● **RECORD SET**

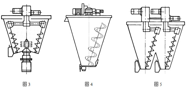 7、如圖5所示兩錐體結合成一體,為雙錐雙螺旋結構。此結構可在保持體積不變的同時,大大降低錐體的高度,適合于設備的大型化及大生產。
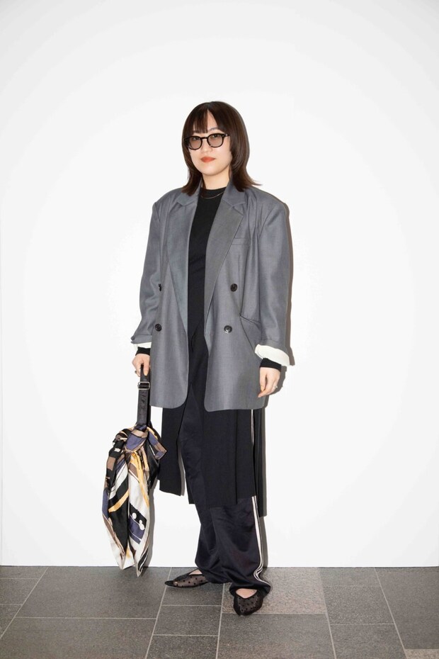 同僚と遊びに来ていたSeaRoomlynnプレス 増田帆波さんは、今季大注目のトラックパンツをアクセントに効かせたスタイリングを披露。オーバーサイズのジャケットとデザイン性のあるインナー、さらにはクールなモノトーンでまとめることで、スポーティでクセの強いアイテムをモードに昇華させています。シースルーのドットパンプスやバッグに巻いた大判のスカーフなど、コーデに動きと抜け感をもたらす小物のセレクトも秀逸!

--

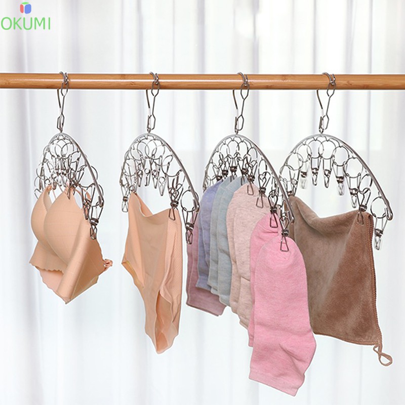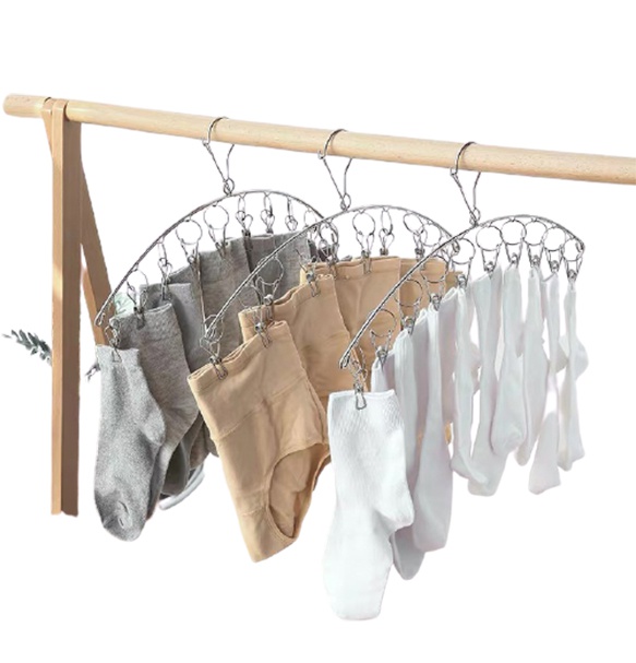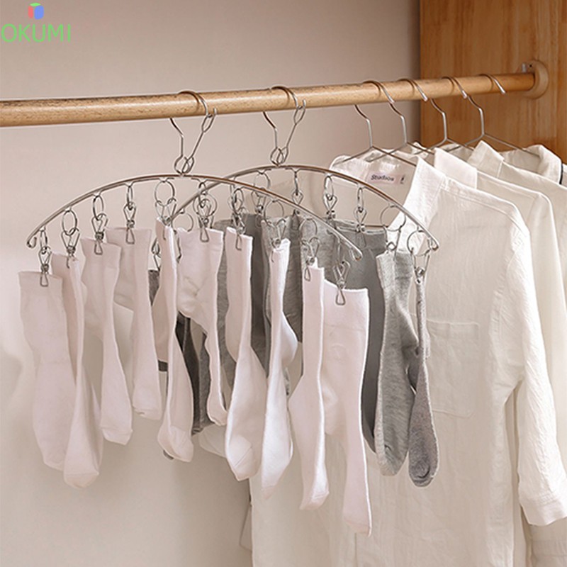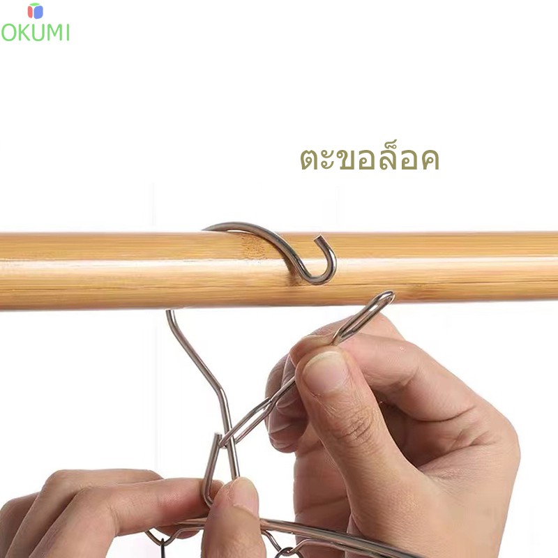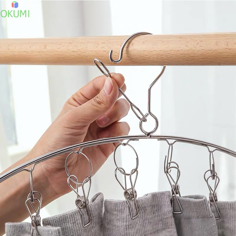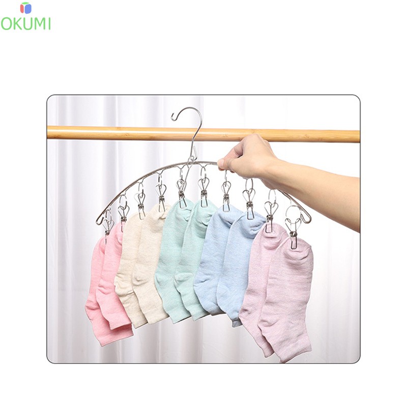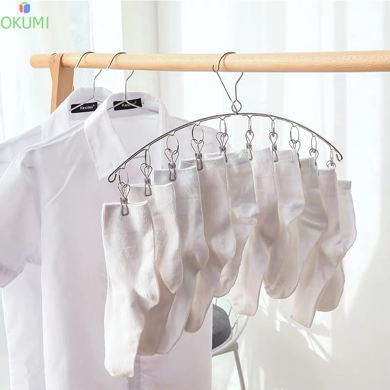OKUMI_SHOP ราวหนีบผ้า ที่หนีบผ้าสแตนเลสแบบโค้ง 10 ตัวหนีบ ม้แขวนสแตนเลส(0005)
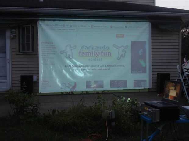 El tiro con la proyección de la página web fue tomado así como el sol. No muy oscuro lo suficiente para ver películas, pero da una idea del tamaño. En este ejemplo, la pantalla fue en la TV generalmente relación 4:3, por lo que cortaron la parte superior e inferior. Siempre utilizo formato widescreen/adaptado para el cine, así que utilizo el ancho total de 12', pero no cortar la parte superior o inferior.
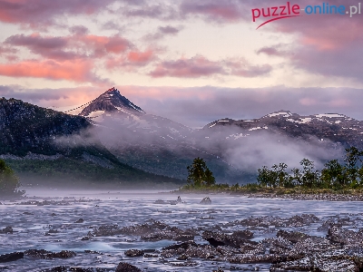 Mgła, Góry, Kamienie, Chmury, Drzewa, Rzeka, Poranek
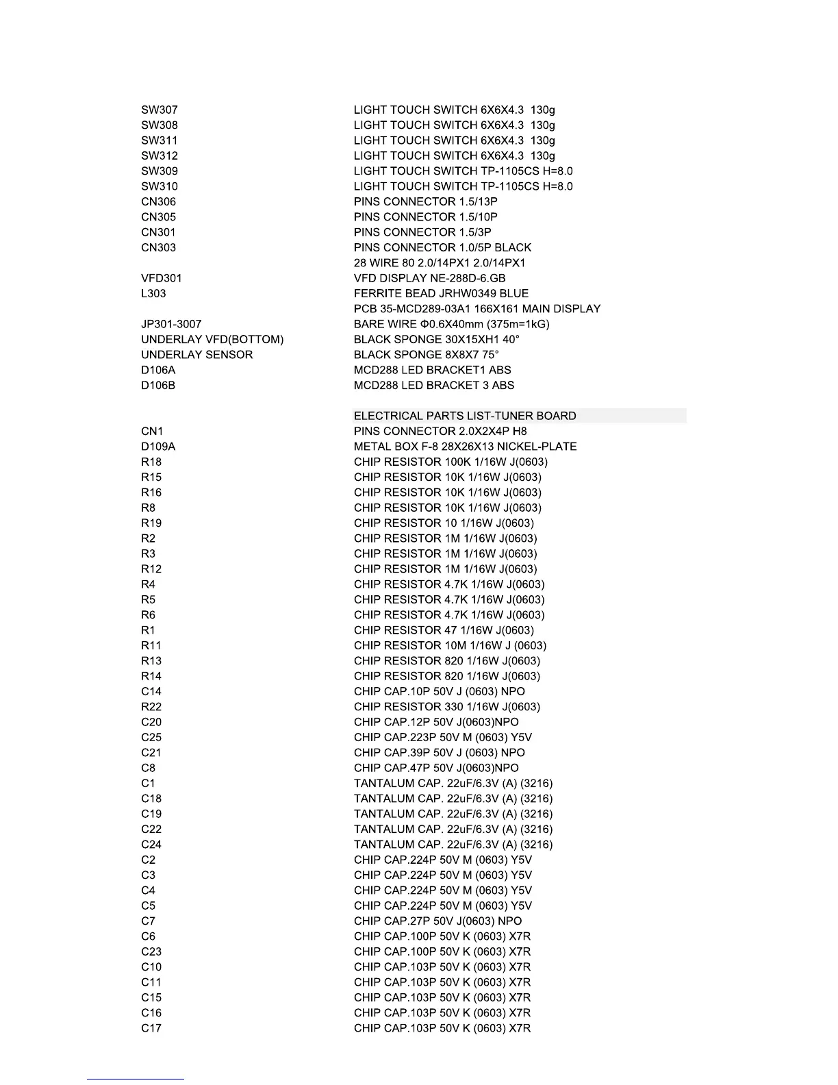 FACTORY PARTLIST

...

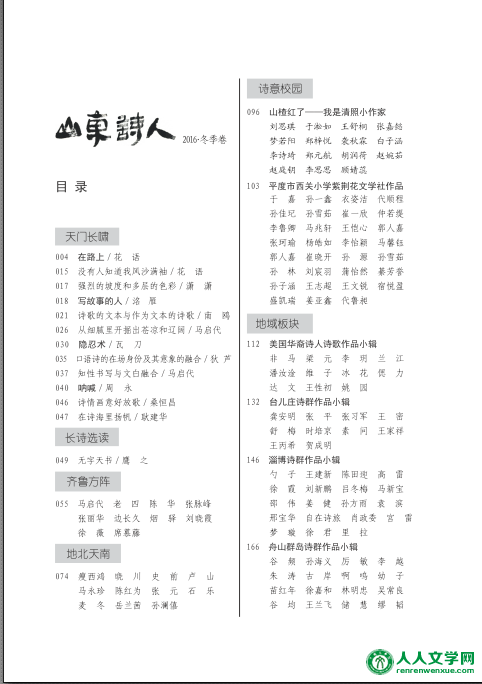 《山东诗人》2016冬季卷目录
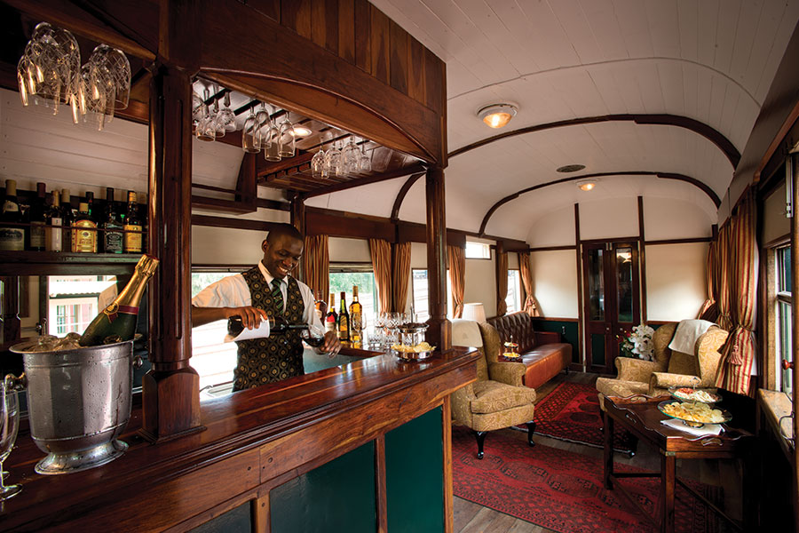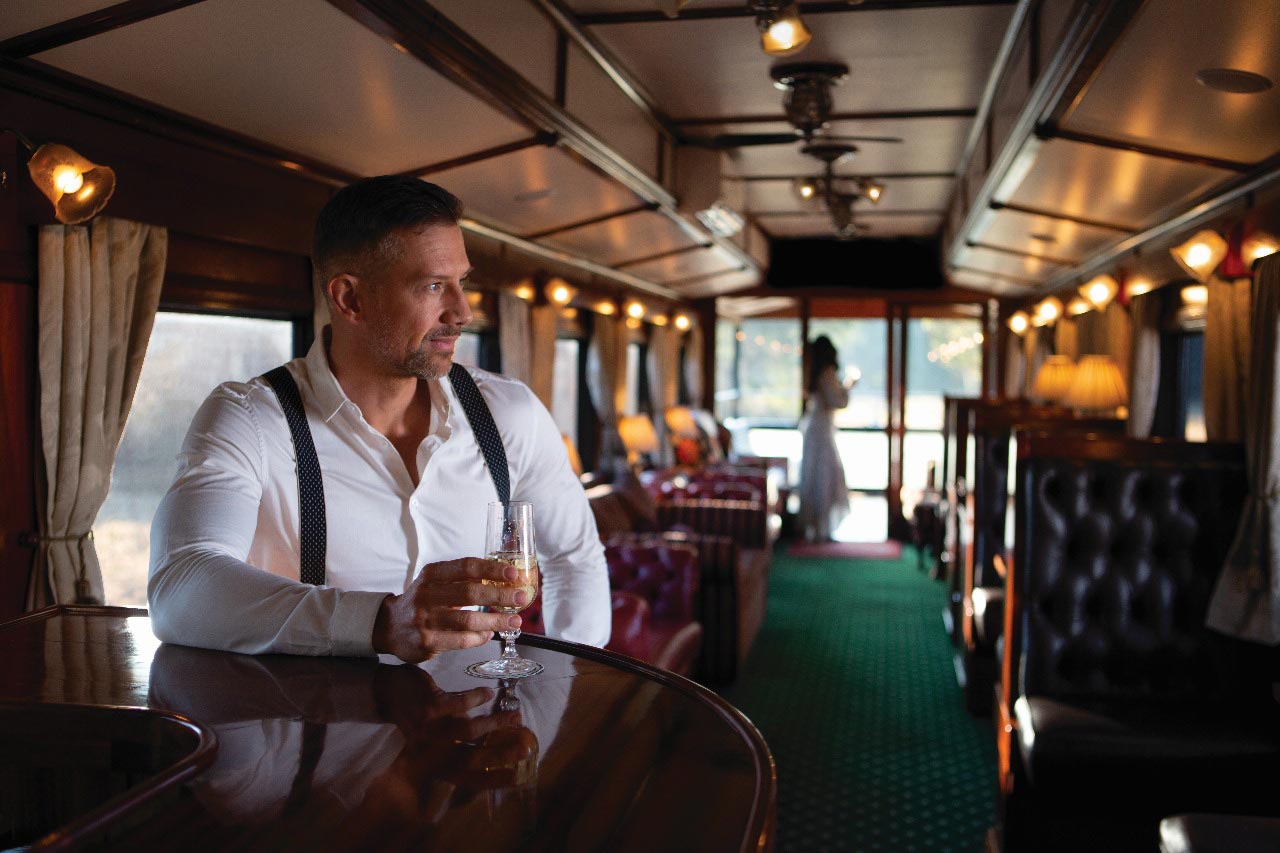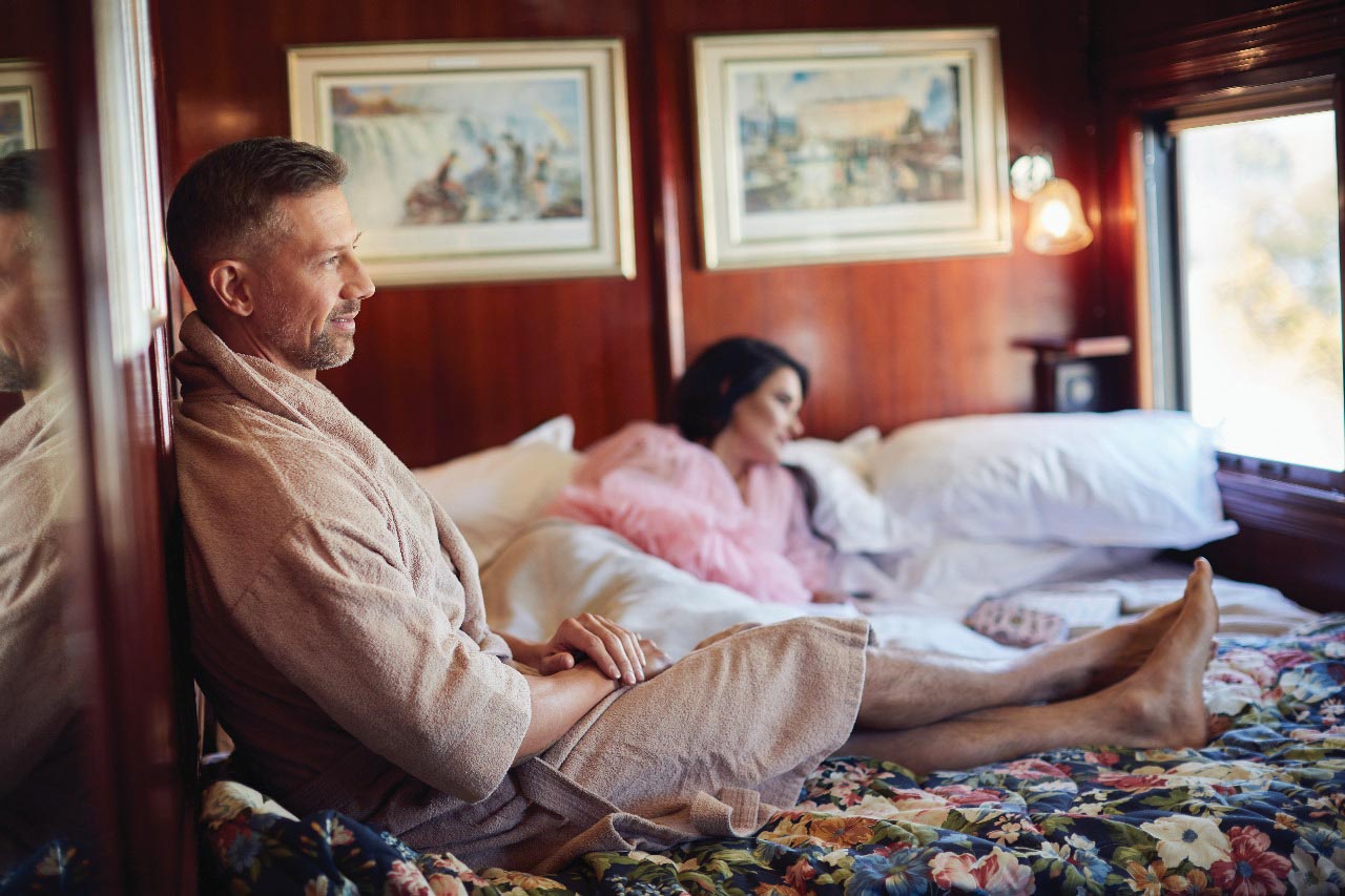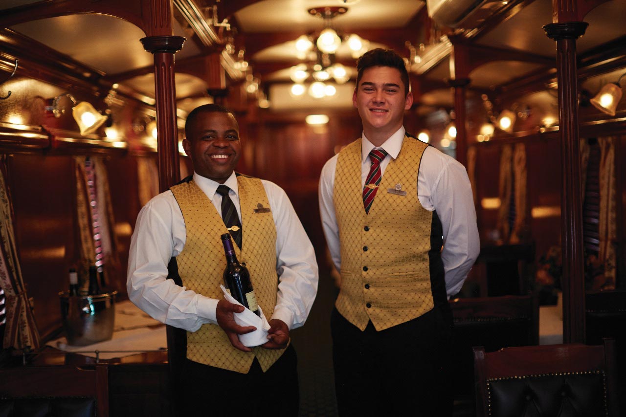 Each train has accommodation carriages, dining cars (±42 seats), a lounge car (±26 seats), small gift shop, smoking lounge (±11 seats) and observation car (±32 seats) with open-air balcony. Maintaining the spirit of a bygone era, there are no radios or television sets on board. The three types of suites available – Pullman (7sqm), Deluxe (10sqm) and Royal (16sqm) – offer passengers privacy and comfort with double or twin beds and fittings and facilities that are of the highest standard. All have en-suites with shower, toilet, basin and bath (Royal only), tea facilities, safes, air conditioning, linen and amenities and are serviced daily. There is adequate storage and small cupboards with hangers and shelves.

● **WHAT TO DO**
Look above for the line with "El tiro con" and the line with "FACTORY PARTLIST", then copy exactly the lines from the first through the second, both kept, with no pictures.

● **WRITTEN ANSWER**
 El tiro con la proyección de la página web fue tomado así como el sol. No muy oscuro lo suficiente para ver películas, pero da una idea del tamaño. En este ejemplo, la pantalla fue en la TV generalmente relación 4:3, por lo que cortaron la parte superior e inferior. Siempre utilizo formato widescreen/adaptado para el cine, así que utilizo el ancho total de 12', pero no cortar la parte superior o inferior.
 Mgła, Góry, Kamienie, Chmury, Drzewa, Rzeka, Poranek
 FACTORY PARTLIST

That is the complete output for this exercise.